Five Poems by
Cyril Wong
Vagrant
Do you know if you could survive on the beach
forever? Eat from a bin or cooling leftovers
at barbecue pits and tables of a hawker centre.
Pick up things you can use from a 200-metre belt
of bottles, wooden debris and household jetsam
regurgitated here by the southwest monsoon,
disgusting passing joggers picking up speed.
Hide from the police behind bushes that sever
the night’s chill waiting to strangle your inner light.
Once I saw a dead pufferfish beside a dented can.
Another time a hawksbill turtle laying eggs.

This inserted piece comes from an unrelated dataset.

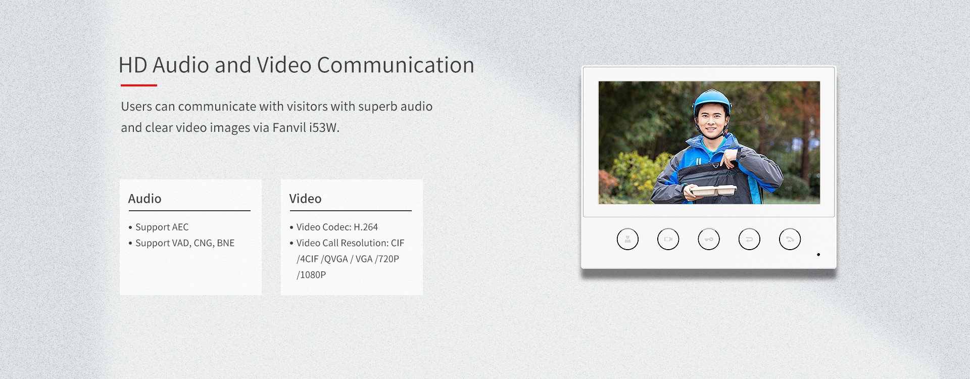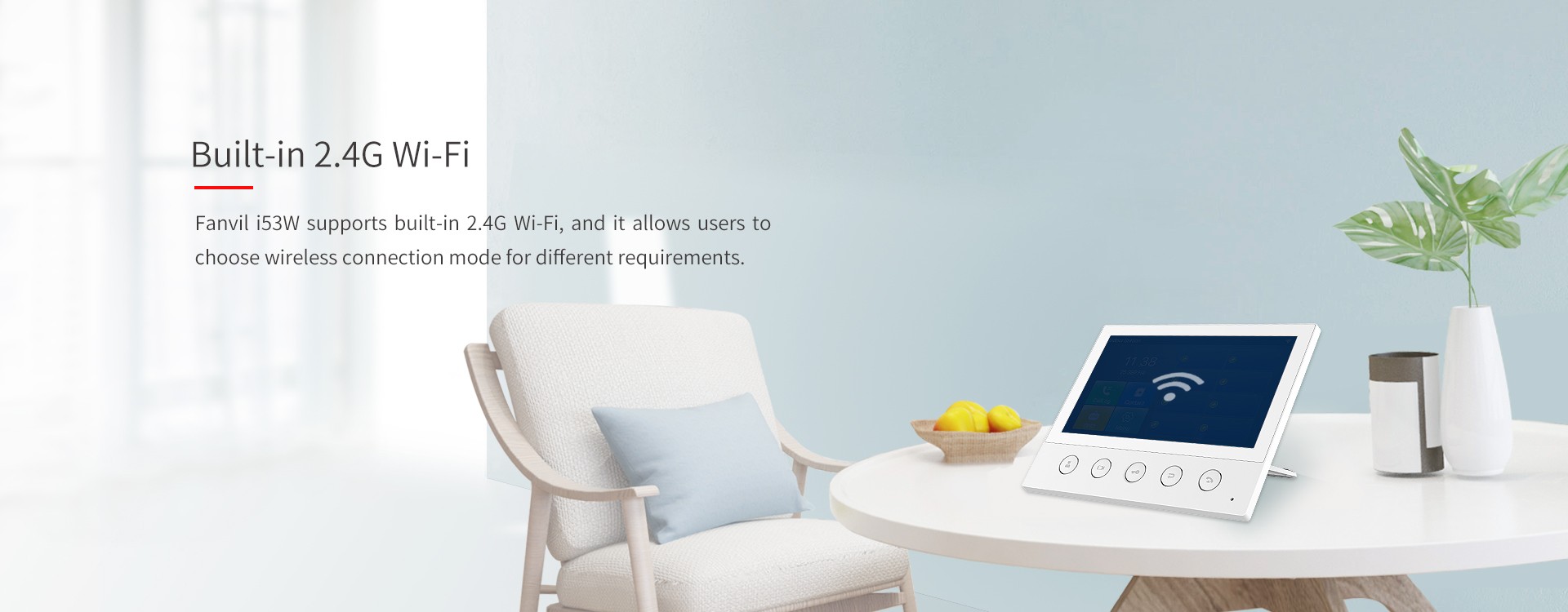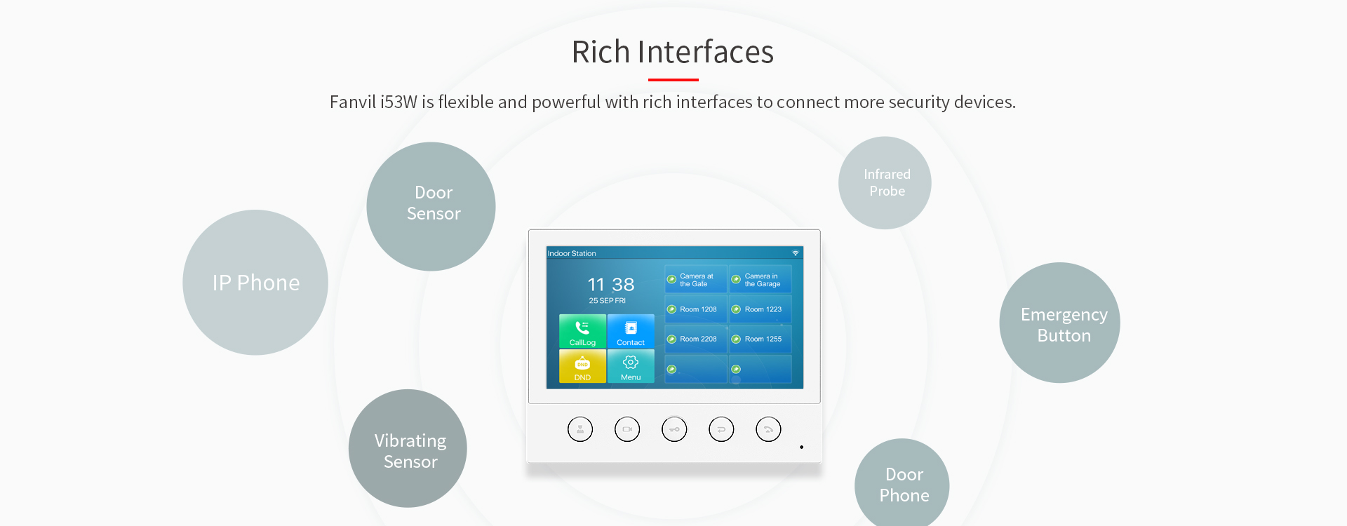 Fanvil i53W is a 7-inch color touch screen SIP indoor station with 5 function buttons, which can be applied in different indoor scenarios. Working with door phone and intercom at the entrance, Fanvil i53W can be easily achieved remote access control for residences. It can also be connected to alarms and other intelligent security devices via rich interfaces.

I dream that when the planet becomes uninhabitable,
Singapore will be an island of trash vomited here from
everywhere. A plastic bag yawns, laughs, closes its mouth.
Pearl
Pushing a grain of sand right into me
and not realising what you were
doing and carrying on, carrying on
transforming pleasure into a pearl
of pain after penetrating me
with our swim trunks still
dangling around our knees
so precariously I hoped the rip
tides would not yank them gently off
the way rising currents kept pulling
the sandcastle of our bodies
down to itself, melting and absorbing
us back into the heaving
and ever-deepening waves.
Teleology
Alas, the beauty of intelligent design.
Praise it to the child with brain cancer
or epidermolysis bullosa, whose skin
falls off, no, is painfully renewed again
and again like sand along this beach
the sea eats from and replenishes.
Praise it to the caterpillar whose body
is pumped full of eggs by wasps
then watch how the larvae drain
its juices before gnawing free from their
host. Alongside such thoughts, I admire
a woman lowering her head into the waves
before pulling out, hair sweeping back
like in a shampoo commercial or a baptism.
Tower
This bench might not know you
or it has known you all your life.
Repainted or replaced, how do you
begin to remember and yet it calls
you to sit and names you through
the hush of waves and coagulating sun,
the days you waited for love to show up.
Later a forgotten Amber Beacon tower
where you remember penetrating a man
or a man penetrating you and filling you
up along the staircase circling
its hard-on column, ecstasy
hailing you by your truest name
all the way up to the moon.
Sequence
In order for anything to happen
something must first take place.
Then after the happening, something
else follows the action that came
before. And so on and so forth
until (or already) our actions
make an ocean racing or pulling
against and away and towards itself
in every conceivable (and inconceivable)
direction. Turbulent action,
consequence, reaction that is
the road less travelled or the road
you think is the same road worn down
to nothing. A sea is every road, every place.
Cyril Wong is a poet and fictionist in Singapore. His last book was Infinity Diary, published by Seagull Books in 2020.